Die Ära Hugo Winterling
Hugo Winterling und Dr. Ernst Wölfel werden nun zu ordentlichen Vorstandsmitgliedern ernannt. Das Recht zur alleinigen Vertretung der Gesellschaft spricht der Aufsichtsrat nur Hugo Winterling zu. Der Ausbau der Porzellanfabrik, hinsichtlich der baulichen Ausdehnung, ist vor dem Ersten Weltkrieg vorerst abgeschlossen. Die Firmenleitung konzentriert ihre Kräfte angesichts der weiteren wirtschaftlichen Entwicklung auf Instandsetzungen und vorsichtige Erneuerung des Bauzustandes.

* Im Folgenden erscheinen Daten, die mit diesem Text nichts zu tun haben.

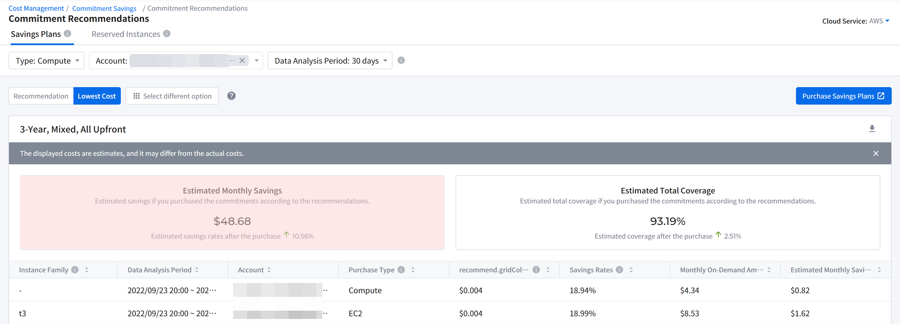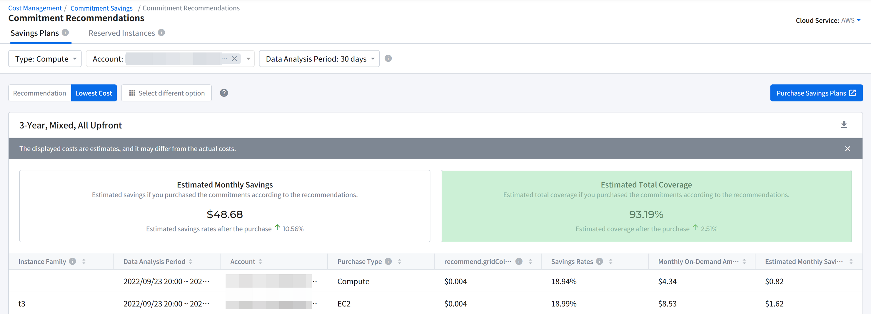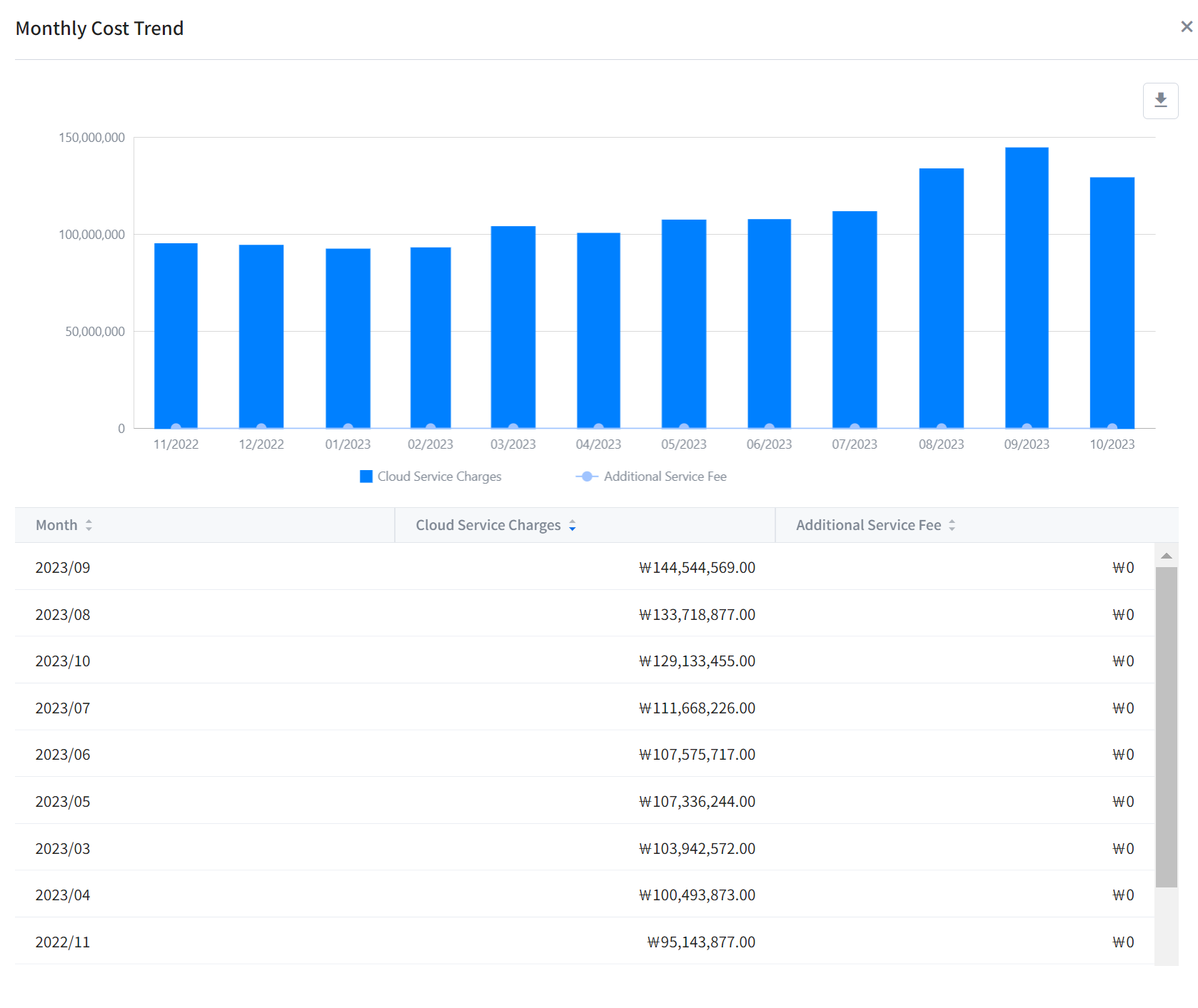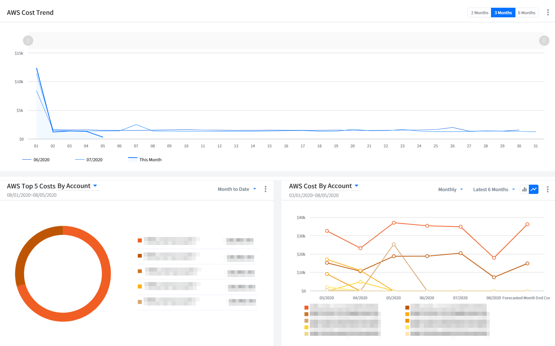 It displays the trend of cloud cost. You can set a period to 2 months, 3 months, or 6 months to see the trend. If you move your mouse over the graph, a pop-up window will appear to show monthly cost information for the selected time period.

Auch die technischen Einrichtungen können nur in geringem Maße modernisiert werden.
Die Exporte, die das Inlandsgeschäft bei Weitem überstei- gen, finden mit dem Beginn des Ersten Weltkrieges ein jähes Ende. Die Überschwemmung des amerikanischen Marktes mit konkurrenzlos billigem japanischem Porzellan, die zunehmend stärker werdende Konkurrenz aus England und die ebenfalls qualitativ hochwertigen tschechischen Produkte, setzen auch diesem Unternehmen zu. An den Vorkriegszustand kann man im Laufe der Firmengeschichte nie mehr anknüpfen, wenn auch das Unternehmen 1927 zu den größten bayerischen Exportfabriken gehört.
Der nach der nationalsozialistischen Machtergreifung 1933 einsetzende Boykott bringt das Geschäft mit Amerika gänzlich zum Erliegen. Die Einbußen sucht die Firma durch die Konzentration auf das Inland und den europäischen Markt aufzufangen, bis auch diesmal wieder der Ausbruch eines Krieges, des Zweiten Weltkrieges, das Geschäft nahezu zum Erliegen bringt.
Die Nachkriegszeit
Ludwig Woelfel baute die Fabrik zu einem Werk auf, dessen Ausdehnung hinsichtlich der Fabrikgebäude noch 1930 – im Jahr des 50-jährigen Jubiläums – Bestand hatte, und infolge der wirtschaftlichen und politischen Ereignisse noch bis Anfang der fünfziger Jahre unverändert bleibt. Den Zustand der Porzellanindustrie beschreibt Hugo Winterling in einer Denkschrift vom 28. Februar 1950 wie folgt: „Bereits vor dem Krieg und besonders während des Krieges war es der Porzellanindustrie nicht möglich, technische Verbesserungen durchzuführen, so dass sie heute gegenüber der ausländischen Konkurrenz um ca. 15 bis 20 Jahre zurückliegt.“
In den kommenden Jahren gelingt es der Firmenleitung, die nach dem Ausscheiden Dr. Ernst Wölfels im Jahr 1954, allein dem Vorstand Hugo Winterling obliegt, das Werk hinsichtlich der Gebäude auszubauen und zahlreiche innerbetriebliche Verbesserungen durchzuführen. Im Jahr 1950 produziert die Zeh, Scherzer & Co. AG zu 80 % Haushaltsgeschirr, 20% der Produktion entfallen auf Zierporzellane und Geschenkartikel, wie z. B. Vasen und Dosen.
Die in- und ausländischen Kundenkontakte können erst nach Kriegsende durch persönliche Besuche wieder mühsam aufgebaut werden. Zudem ist der inländische Absatz durch die Einfuhr „ostzonaler“ Produkte erschwert, was auf die niederpreislichen Lieferbedingungen zurückzuführen ist. Seitens der Porzellanfabrik konstatiert man: „Während sich das Inlandsgeschäft zu Beginn des Jahres 1950 schwieriger gestaltete, kann augenblicklich eine Belebung des Exportes festgestellt werden.“ Bis 1955 kann das Unternehmen den Export auf nahezu die Hälfte der hauseigenen Porzellanproduktion steigern.
1955 feiert die Zeh, Scherzer & Co. AG ihr 75-jähriges Bestehen. Zu diesem Zeitpunkt hat das Unternehmen 850 Mitarbeiter. In den Städten Hamburg, Köln und München unterhält man eigene Musterzimmer. Engagierte Mitarbeiter vertreten die Porzellanfabrik Zeh, Scherzer & Co. AG in 13 europäischen Ländern, im nahen Orient, in Nord- und Südamerika, Australien und Neuseeland. Im November 1960 wird die Herstellung von Geschenk- artikeln aus Rationalisierungsgründen eingestellt und fortan werden nur noch Tafel- und Kaffeegeschirre produziert.